Ekrem İmamoğlu! İban gönder de ödeyelim şu borcu!

"Dil yumuşak olduğu için ömür boyunca kalır, diş sert olduğu için dökülür" demiş Budha

"Üslubul beyan, aynıyla insan"demiş atalarımız da.

27 Mart 1994'te belediye başkanı seçildi Cumhurbaşkanımız Recep Tayyip Erdoğan. Kasımpaşa'dan çıkmış orta halli bir ailenin gecekonduda büyümüş çocuğu. Karşısındakilere bir bakalım: İlhan Kesici, Zülfü Livaneli, Bedrettin Dalan Hepsinin varlığı Tayyip beyi dişiyle sürükleyecek kadar. Lakin halk, Tayyip Beye sadaka olsun diye değil bizi o anlar, bizi yönetsin diye oy verdi ve Şehrül Emin-i İstanbul yaptı. İstanbul'un akmayan suyunu akıtsın veya çamur akan suyunu temizlesin diye. Sokaklarını çamurdan kurtarsın diye.
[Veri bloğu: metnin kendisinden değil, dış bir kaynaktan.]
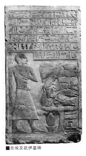 最后,凯伊墓碑还展现了古埃及当时社会生活的侧面。献祭碑文提到祭品单:“面包和啤酒、牛和家禽、雪花石膏和亚麻以及神祇生活所需的所有美好而纯净之物”。后来,一些墓碑的祭品单也将香和油都包括在内。另外,在墓碑的右下方是一个祭品桌,上面摆放着各种“必要的祭品”。须知,古埃及墓碑的主要内容之一是奉献祭品,希望墓碑主人在来世能够分享。墓碑主人必然选择他认为最重要的、最必不可少的生活物品作为献祭之物。可见,碑文列出的、浮雕描绘出来的祭品一定是古埃及人当时社会生活中必不可少的食物和日常用品。

Yaptı mı En güzel şekliyle.

Peki, o tarihlerde Ekrem İmamoğlu ne iş yapıyormuş Lokanta işletiyormuş.

Yemek, köfte işi.

Olur, olabilir; helalinden kazanıyorsa bundan daha güzel ne olabilir

Bir gün Tayyip Erdoğan lokantasına uğramış. Köfte yemiş.

Aman ne kadar onurlanmıştır İmamoğlu. Gururlanmıştır. Hatta "lokantamıza yemeğe gelen ünlüler"diye bir köşe açmış ve orada Tayyip Erdoğan'ı başköşeye yerleştirip reklam bile yapmıştır. Kapıda karşılamış, ellerini oğuştura oğuştura uğurlamıştır bile. Gülücükler dağıtarak.

Bunlarda anormallik yok.

Anormallik şurada: Şimdi anlıyoruz ki İmamoğlu bu ziyareti çokça kullanmıştır! "Sık sık bana gelir, köfte yerdi. Hatta laf aramızda para da almıyordum"demiştir.

Demediğine inanmıyorum bu çiğliğinden sonra.

Şeyh Sadi ne güzel söyler: "Cömertin ikramı şifa, cimrinin ikramı derttir" diye. Meğer o köfteleri, bir gün seksen beş milyonun önünde Tayyip Beyi kendince köşeye sıkıştırmak için ipe dizmiş. Ve utanmadan, onurlu bir adama yakışmayacak seviyede "Köfte yedi, para almadım ondan" demiş.

Devamı ise daha çirkin: "Hayat boyu o borcu ödeyemeyecek!"

Aynen böyle.

Oooo. Vay senin köften de batsın, sen de bat.

Hayatı boyu ödeyemeyecek!

Para aldı-almadı tartışması bir yana..

Geçekten almadığını varsayalım..

Bre ne diye para almadın Recep Tayyip Erdoğan tanınan birisi olmasaydı, senin lokantana gelmesi üzerinden reklam yapmayacak olsaydın yine de para almayacak mıydın Mutlaka alacaktın.

Tayyip Erdoğan'ın o gün verecek parası yok muydu Verebilecek gücü yok muydu

O tarihte niye almadın

Demek ki sende bir puştluk var! Düşünce ve niyetlerinde bir bit yeniği var ki almadın. Demek daha sonra kullanırım diye düşünerek para almadın..

Demek sen lokantana gelen müşterine hem yemek satıyor hem lokmalarını sayıyorsun. Buna "camgöz"lük denmez mi

Eskiden Bağdat'ta bir adam elinde küçük bir kutuyla bir kuyumcuya girmiş.Şu elimdekini altınlarla tartar mısın

Kuyumcu tartmaya başlamış. Biraz altın, biraz daha, az daha, dükkândaki tüm altınlar! Yok, o küçük kutu altınları yine de bastırıyormuş.